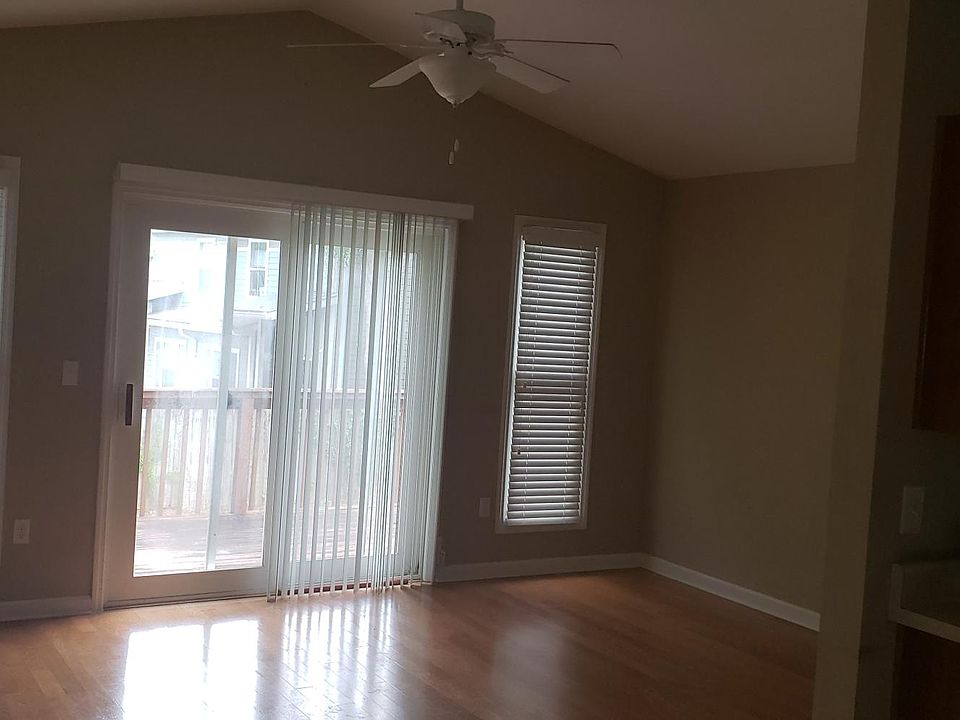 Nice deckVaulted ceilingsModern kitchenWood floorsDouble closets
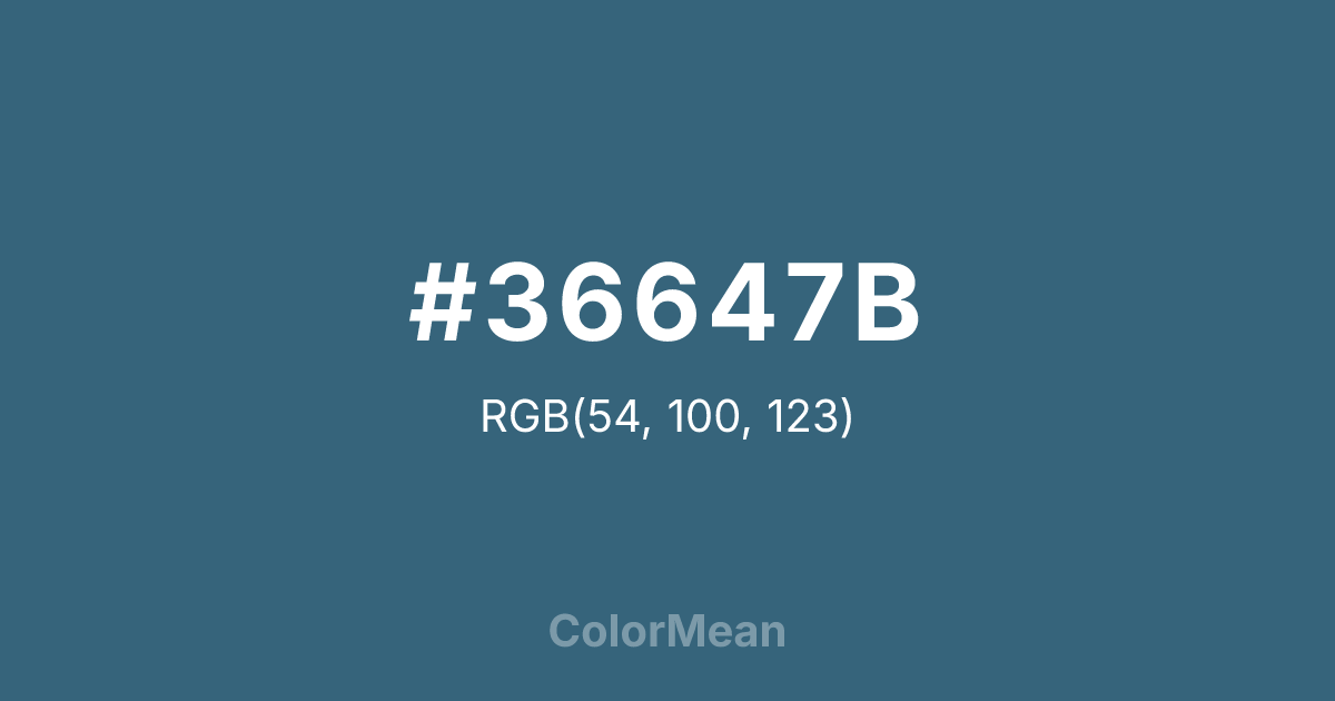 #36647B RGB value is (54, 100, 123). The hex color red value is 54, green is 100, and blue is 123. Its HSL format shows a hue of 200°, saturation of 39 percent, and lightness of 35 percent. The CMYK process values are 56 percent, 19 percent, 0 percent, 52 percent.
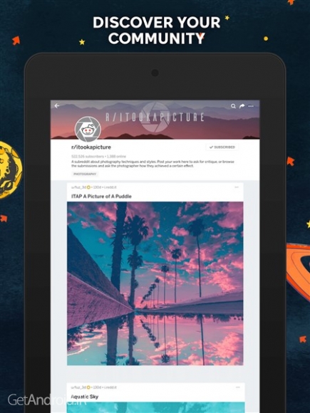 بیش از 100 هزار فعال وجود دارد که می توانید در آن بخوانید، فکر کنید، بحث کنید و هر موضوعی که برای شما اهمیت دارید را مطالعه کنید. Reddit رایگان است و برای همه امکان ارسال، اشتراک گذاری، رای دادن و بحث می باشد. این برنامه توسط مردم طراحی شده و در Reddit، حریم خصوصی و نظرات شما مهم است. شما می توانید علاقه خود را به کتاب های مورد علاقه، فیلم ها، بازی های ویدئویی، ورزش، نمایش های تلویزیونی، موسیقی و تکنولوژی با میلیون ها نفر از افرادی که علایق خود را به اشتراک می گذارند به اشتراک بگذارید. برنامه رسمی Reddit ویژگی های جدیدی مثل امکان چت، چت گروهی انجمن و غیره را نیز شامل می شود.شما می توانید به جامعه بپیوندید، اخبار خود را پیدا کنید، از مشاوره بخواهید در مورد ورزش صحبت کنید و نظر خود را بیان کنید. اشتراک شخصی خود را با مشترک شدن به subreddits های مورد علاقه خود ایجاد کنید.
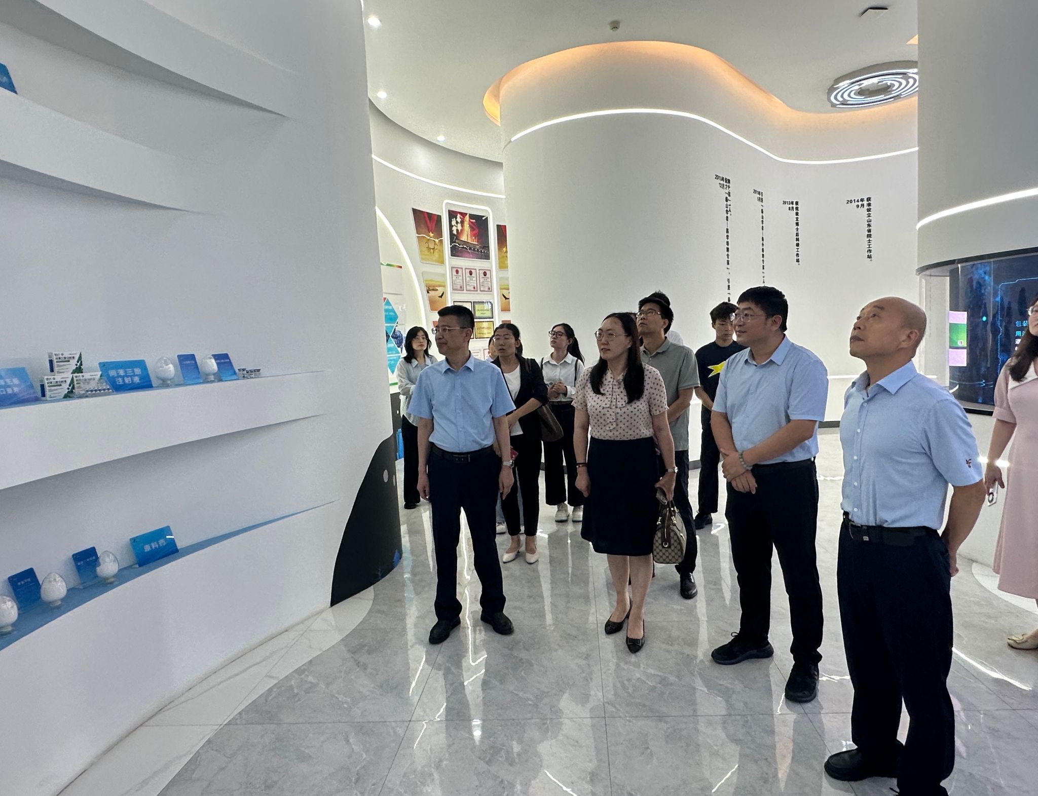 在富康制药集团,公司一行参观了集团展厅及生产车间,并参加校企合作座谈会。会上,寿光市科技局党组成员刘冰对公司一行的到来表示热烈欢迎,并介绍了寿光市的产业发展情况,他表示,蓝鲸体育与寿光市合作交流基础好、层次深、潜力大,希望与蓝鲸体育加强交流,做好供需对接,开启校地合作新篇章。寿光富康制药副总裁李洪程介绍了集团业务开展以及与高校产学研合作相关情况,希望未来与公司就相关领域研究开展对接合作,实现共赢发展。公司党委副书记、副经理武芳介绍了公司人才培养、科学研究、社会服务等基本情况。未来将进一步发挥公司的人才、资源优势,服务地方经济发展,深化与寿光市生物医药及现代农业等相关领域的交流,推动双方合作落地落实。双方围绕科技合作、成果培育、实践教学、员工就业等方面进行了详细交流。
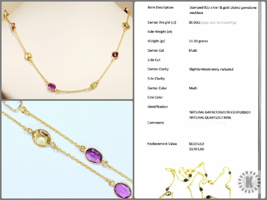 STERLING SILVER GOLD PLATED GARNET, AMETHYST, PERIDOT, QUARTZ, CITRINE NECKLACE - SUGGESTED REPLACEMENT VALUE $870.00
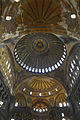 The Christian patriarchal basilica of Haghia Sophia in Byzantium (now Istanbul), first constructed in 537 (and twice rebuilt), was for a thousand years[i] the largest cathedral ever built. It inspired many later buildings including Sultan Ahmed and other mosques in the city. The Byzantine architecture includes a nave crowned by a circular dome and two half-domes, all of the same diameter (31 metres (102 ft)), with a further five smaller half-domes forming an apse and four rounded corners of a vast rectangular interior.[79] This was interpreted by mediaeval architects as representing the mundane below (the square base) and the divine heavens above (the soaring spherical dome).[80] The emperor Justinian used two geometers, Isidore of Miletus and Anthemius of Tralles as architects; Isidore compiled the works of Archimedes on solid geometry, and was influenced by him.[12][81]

==

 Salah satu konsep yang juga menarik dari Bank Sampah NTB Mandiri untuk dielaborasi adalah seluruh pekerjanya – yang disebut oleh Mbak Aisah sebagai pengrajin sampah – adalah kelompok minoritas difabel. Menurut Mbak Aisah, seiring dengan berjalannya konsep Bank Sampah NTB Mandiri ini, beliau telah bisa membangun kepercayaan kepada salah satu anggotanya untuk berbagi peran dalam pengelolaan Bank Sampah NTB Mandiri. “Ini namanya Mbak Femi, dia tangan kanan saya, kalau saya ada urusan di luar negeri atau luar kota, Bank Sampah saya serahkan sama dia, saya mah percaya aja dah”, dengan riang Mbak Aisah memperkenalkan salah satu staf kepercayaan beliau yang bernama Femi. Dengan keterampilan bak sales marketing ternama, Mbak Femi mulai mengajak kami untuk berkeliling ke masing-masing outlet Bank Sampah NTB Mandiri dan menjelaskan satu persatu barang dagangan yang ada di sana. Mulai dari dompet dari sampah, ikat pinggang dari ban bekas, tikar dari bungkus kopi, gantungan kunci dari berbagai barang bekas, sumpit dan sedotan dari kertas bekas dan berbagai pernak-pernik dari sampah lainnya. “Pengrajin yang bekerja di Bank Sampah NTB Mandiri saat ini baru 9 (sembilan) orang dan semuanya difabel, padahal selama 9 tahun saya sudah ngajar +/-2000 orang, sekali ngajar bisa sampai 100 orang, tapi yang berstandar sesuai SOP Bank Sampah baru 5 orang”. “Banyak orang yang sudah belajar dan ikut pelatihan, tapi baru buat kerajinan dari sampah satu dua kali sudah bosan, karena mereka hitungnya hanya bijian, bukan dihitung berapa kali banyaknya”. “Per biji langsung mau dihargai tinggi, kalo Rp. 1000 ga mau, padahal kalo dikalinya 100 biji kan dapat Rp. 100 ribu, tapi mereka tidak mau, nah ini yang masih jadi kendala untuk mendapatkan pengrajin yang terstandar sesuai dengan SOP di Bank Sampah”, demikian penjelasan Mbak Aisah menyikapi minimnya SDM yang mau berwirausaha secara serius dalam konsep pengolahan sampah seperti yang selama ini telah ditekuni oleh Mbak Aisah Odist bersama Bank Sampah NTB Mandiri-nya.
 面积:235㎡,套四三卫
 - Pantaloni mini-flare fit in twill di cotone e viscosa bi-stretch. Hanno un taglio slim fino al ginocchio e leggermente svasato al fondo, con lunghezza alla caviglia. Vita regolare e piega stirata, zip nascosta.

AIM OF THE EXERCISE:
Your answer must be everything above from the line with "在富康制药集团,公司一行参观" down to the line with "STERLING SILVER GOLD", word for word, and no pictures.

WRITTEN ANSWER:
 在富康制药集团,公司一行参观了集团展厅及生产车间,并参加校企合作座谈会。会上,寿光市科技局党组成员刘冰对公司一行的到来表示热烈欢迎,并介绍了寿光市的产业发展情况,他表示,蓝鲸体育与寿光市合作交流基础好、层次深、潜力大,希望与蓝鲸体育加强交流,做好供需对接,开启校地合作新篇章。寿光富康制药副总裁李洪程介绍了集团业务开展以及与高校产学研合作相关情况,希望未来与公司就相关领域研究开展对接合作,实现共赢发展。公司党委副书记、副经理武芳介绍了公司人才培养、科学研究、社会服务等基本情况。未来将进一步发挥公司的人才、资源优势,服务地方经济发展,深化与寿光市生物医药及现代农业等相关领域的交流,推动双方合作落地落实。双方围绕科技合作、成果培育、实践教学、员工就业等方面进行了详细交流。
 STERLING SILVER GOLD PLATED GARNET, AMETHYST, PERIDOT, QUARTZ, CITRINE NECKLACE - SUGGESTED REPLACEMENT VALUE $870.00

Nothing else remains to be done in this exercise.